- [The data]:
*** Block opens ***

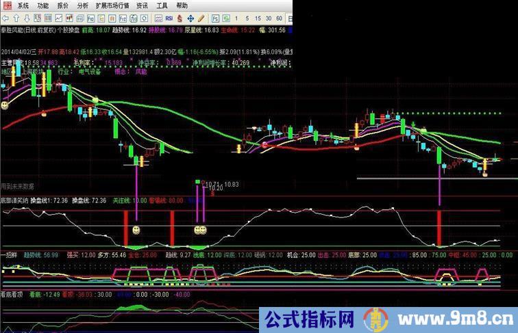 出现红色柱表示阶段底部来到,第二天就可以轻仓打底仓,最好10%仓位,当然结合其他指标可以加大仓位,出现笑脸时可以超过半仓。因为此种底部的出现反弹的概率非常高,不贪心赚个4%出局!当然也可以逐步止盈,进入上升通道再加仓!
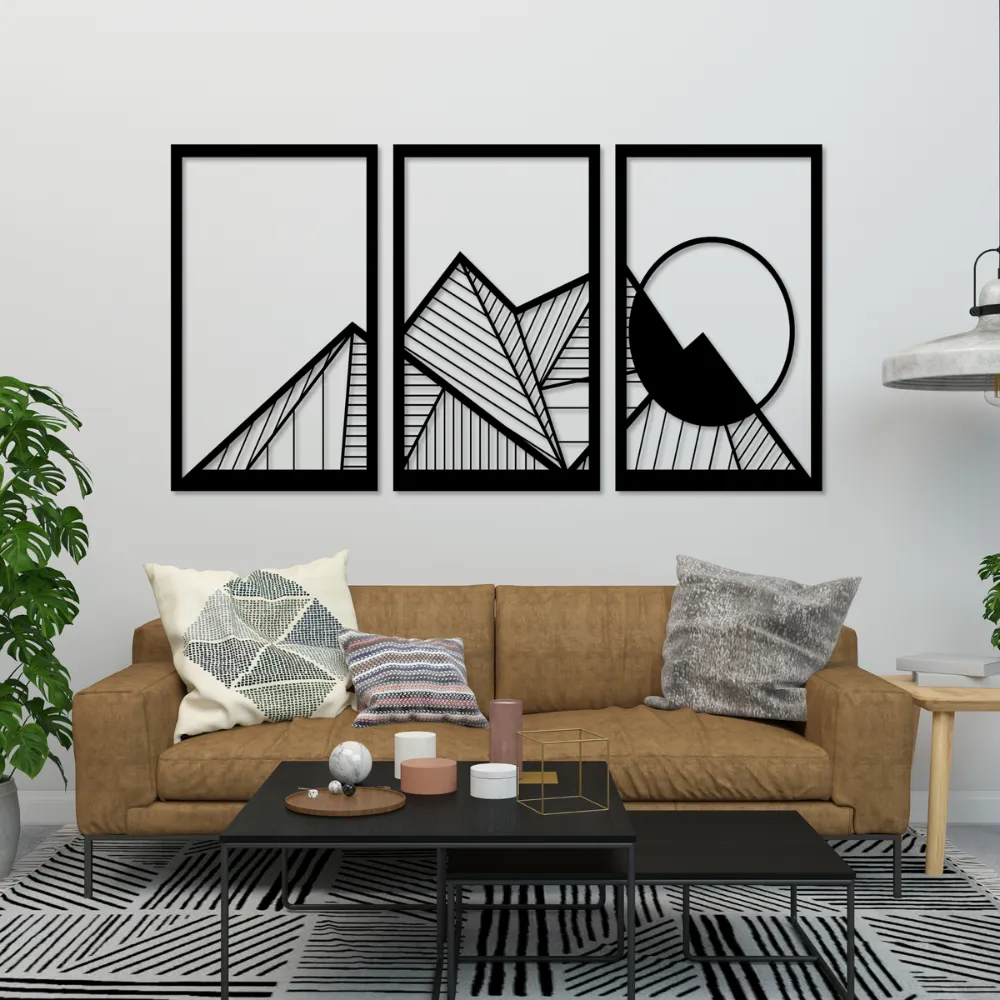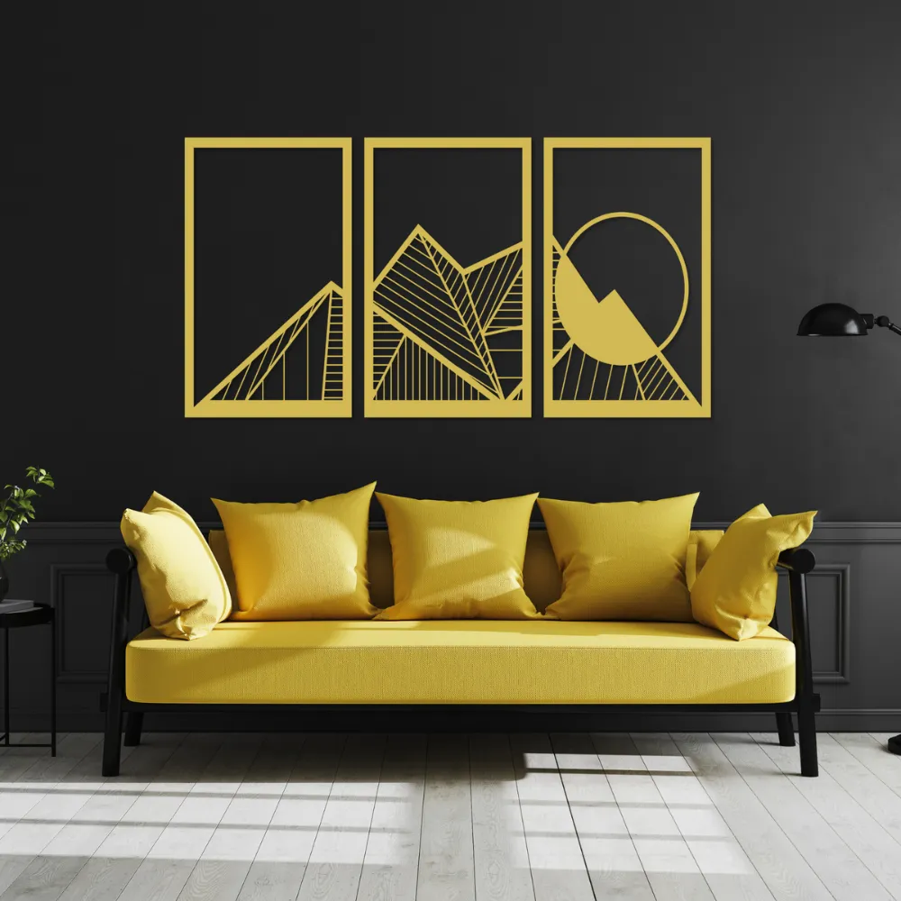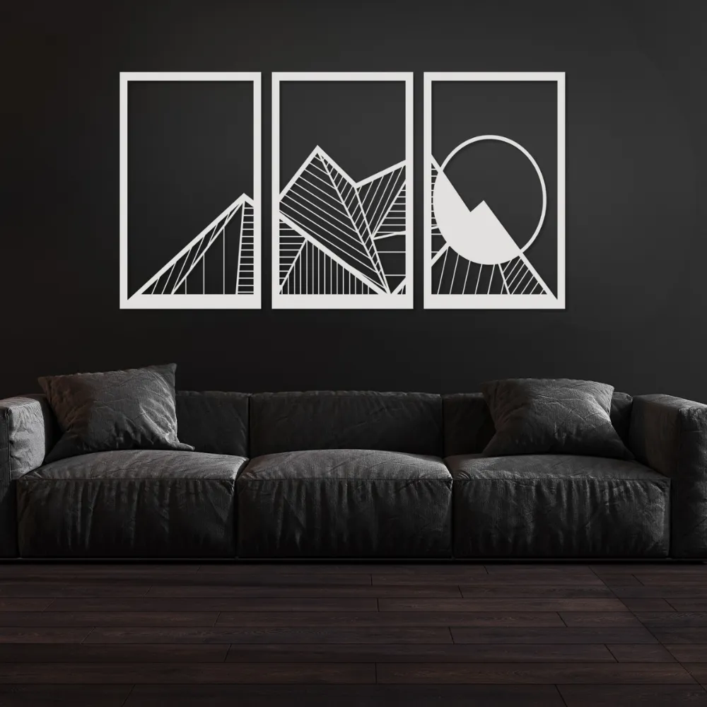 Dodaj wyjątkowego charakteru swojej przestrzeni dzięki dekoracji ściennej „Góry geometryczne”. Ten nowoczesny obraz w stylu line art to idealne połączenie prostoty formy z inspiracją zaczerpniętą z natury. Wykonany z wysokiej jakości płyty MDF o grubości 6 mm, stanowi stylowy akcent do każdego wnętrza – od skandynawskiego po loftowe i nowoczesne.
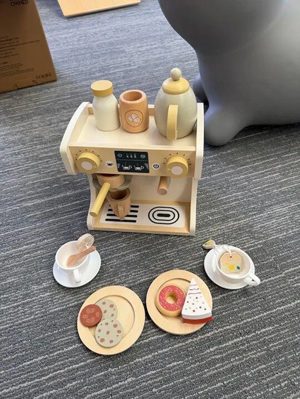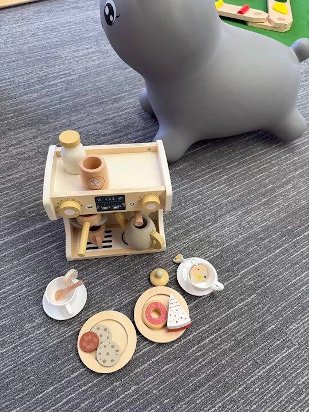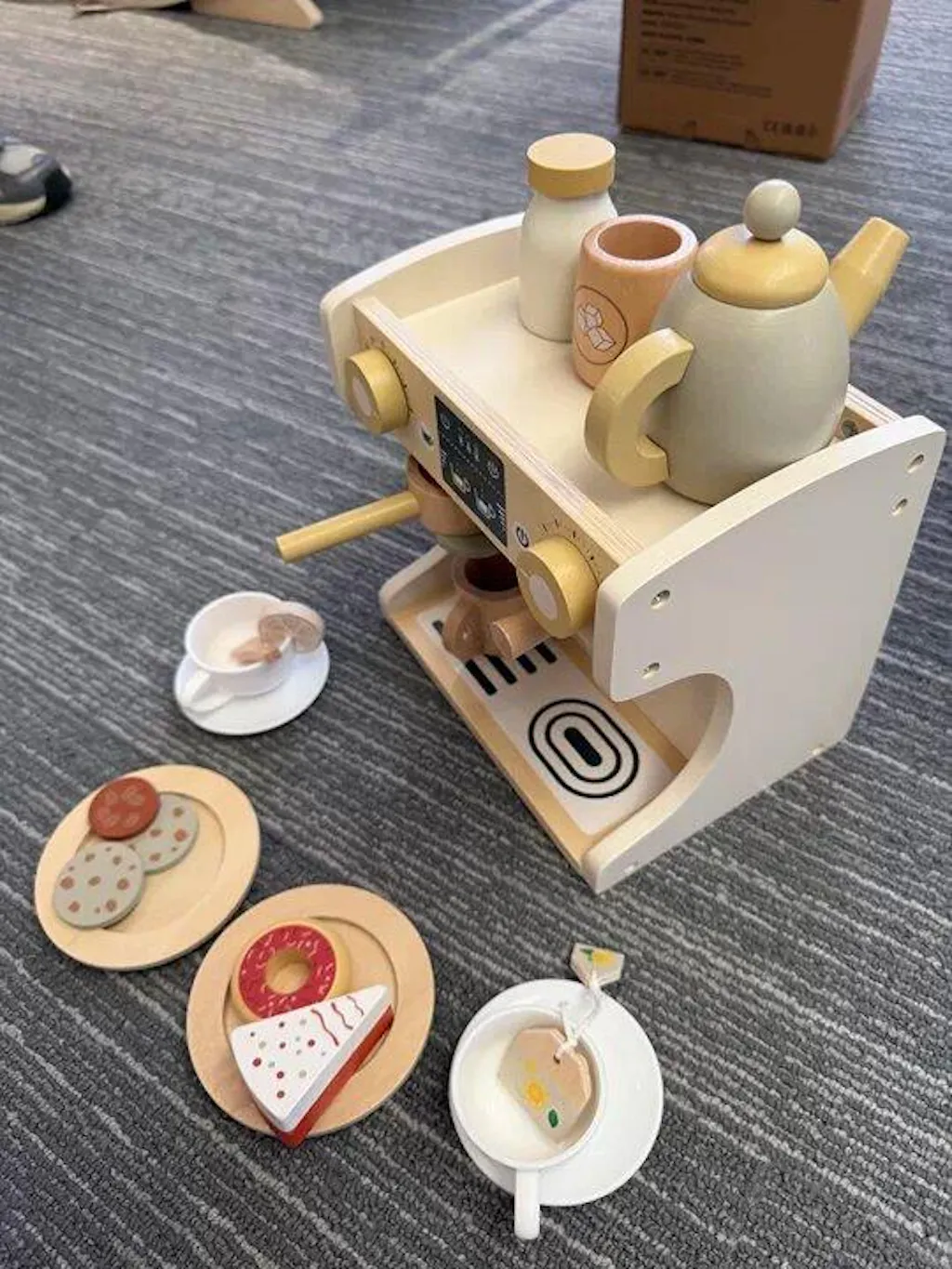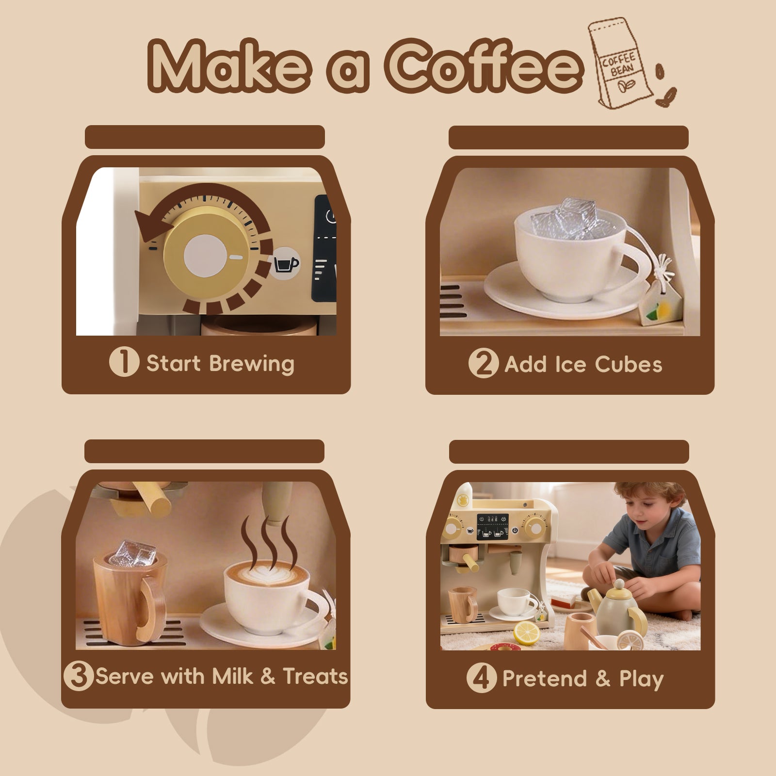 GuanYi presents a 22-piece wooden coffee machine play set. With cups, coffee accessories, and interactive parts, children can enjoy imaginative role play while developing fine motor skills, coordination, and creativity through hands-on fun.

*** Block closes ***

Set down the material above word for word and skip its pictures.

 出现红色柱表示阶段底部来到,第二天就可以轻仓打底仓,最好10%仓位,当然结合其他指标可以加大仓位,出现笑脸时可以超过半仓。因为此种底部的出现反弹的概率非常高,不贪心赚个4%出局!当然也可以逐步止盈,进入上升通道再加仓!
 Dodaj wyjątkowego charakteru swojej przestrzeni dzięki dekoracji ściennej „Góry geometryczne”. Ten nowoczesny obraz w stylu line art to idealne połączenie prostoty formy z inspiracją zaczerpniętą z natury. Wykonany z wysokiej jakości płyty MDF o grubości 6 mm, stanowi stylowy akcent do każdego wnętrza – od skandynawskiego po loftowe i nowoczesne.
 GuanYi presents a 22-piece wooden coffee machine play set. With cups, coffee accessories, and interactive parts, children can enjoy imaginative role play while developing fine motor skills, coordination, and creativity through hands-on fun.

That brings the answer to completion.